- Born: September 30, 1964 (age 61)
- Occupations: Internet and media entrepreneur
- Known for: Co-founder of NetZero

= Ronald T. Burr =

American businessman (born 1964)

Ronald Terry Burr (born September 30, 1964) is an American Internet and media entrepreneur, based in Los Angeles, CA. He is the holder of nine internet patents and the co-founder and original chief executive officer of NetZero. During his career he has created over $1 Billion in value for shareholders. Burr was named by InfoWorld as one of the Top 50 IT executives at xSP's, by Interactive Week as one of the 25 Top Unsung Hero's of the Net and was a finalist for Ernst & Young's Entrepreneur of the Year award. Burr was also the chief executive officer of online advertising company WebVisible, Inc. until its closure in 2011 due to unpaid debts.

==Biography==

===Early life===
In 1983, Burr landed a position at Vault Corporation, an early pioneer in the software industry and creators of the Prolok Disk. Burr eventually became Vice President of Software Development.

===Career===
In 1989, Burr was recruited as a senior technology consultant for IBM's OS/2. In 1992, Burr co-founded Impact Software, with Stacy Haitsuka, Harold McKenzie and Marwan Zebian, an international IT consulting firm. In 1998 they sold Impact Software to another IT Consulting firm.

In 1997, Burr co-founded NetZero, with Stacy Haitsuka, Harold McKenzie and Marwan Zebian. In 1998, NetZero received initial venture capital from idealab and Bill Gross and later Draper Fisher Jurvetson and Compaq.

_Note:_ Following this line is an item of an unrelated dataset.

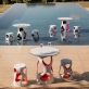 Tafel XL, H = 105cm. met diverse bladen mogelijk: ø 70cm, ø 90cm.

Burr managed NetZero through its early growth. Burr holds nine Internet technology patents in the areas of online advertising and market research. NetZero went public in Sept of 1999 and formed United Online in a later merger. Interactive Week named him one of the “25 Top Unsung Heroes of the Net”, InfoWorld named him in the “Top 50 IT executives at xSP’s” and he is on Response Magazine's list of the “21 people leading us into the 21st Century.”

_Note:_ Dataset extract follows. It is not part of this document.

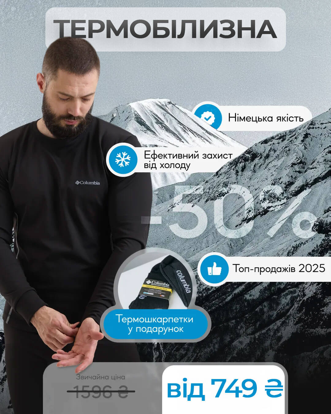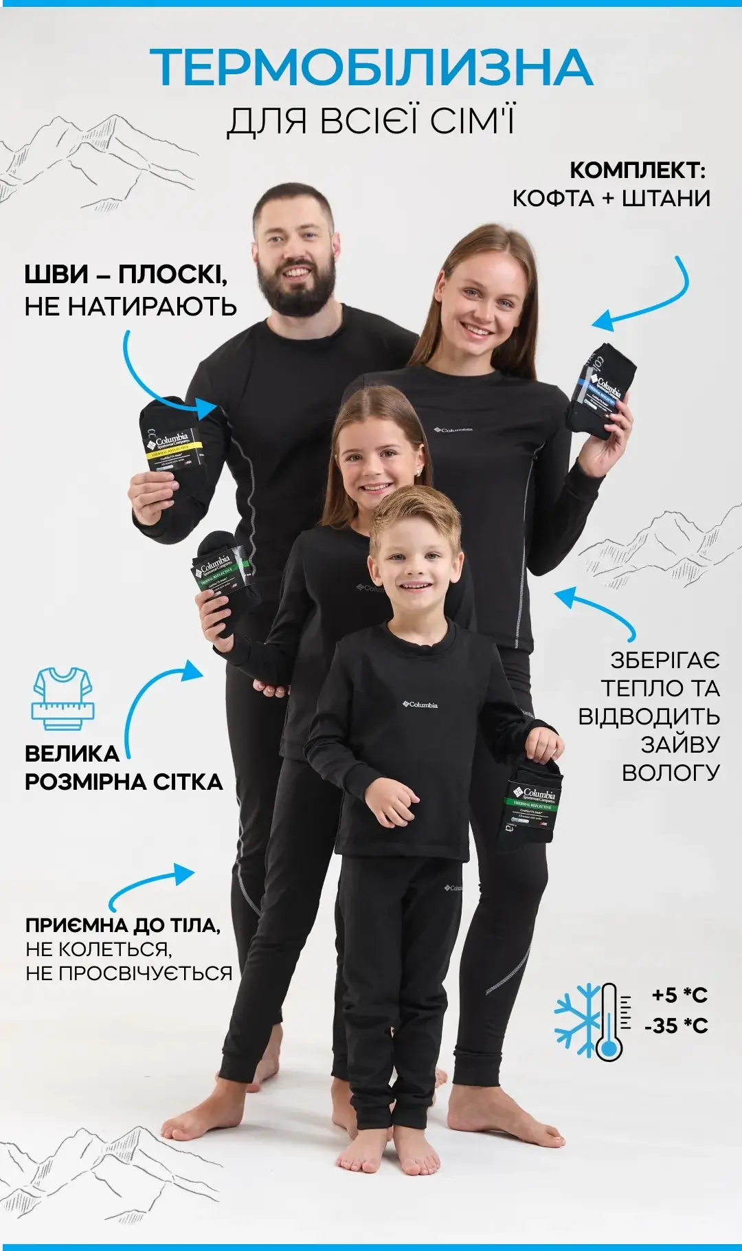 Термобілизна створена за інноваційною технологією Thermolite — це двошарове плетіння волокон, яке утворює повітряний прошарок над шкірою. Він відводить вологу, зберігає тепло і дає тілу “дихати” у будь-яку погоду.

In 2001, Burr co-founded Westlake Venture Partners with Stacy Haitsuka, Harold MacKenzie and Marwan Zebian
. Westlake Venture Partners invests in emerging companies providing both hands-on management and capital investments. Through Westlake Venture Partners, Burr has served in operational and advisory roles for various companies including of Layer 2 Networks, and Jambo, a leading pay-per call internet company targeting local business. As of 2010, Westlake Venture Partners has funded over 15 companies 5 with successful exits, one pending and two on the horizon.

In 2009, Burr became Chief Operations Officer for WebVisible, a Software as a Service (SaaS) company based in Southern California. In 2010, Burr became the chief executive officer for WebVisible. He held this position until December 27, 2011, when he sent a note to his employees stating the company was to close due to unpaid debts.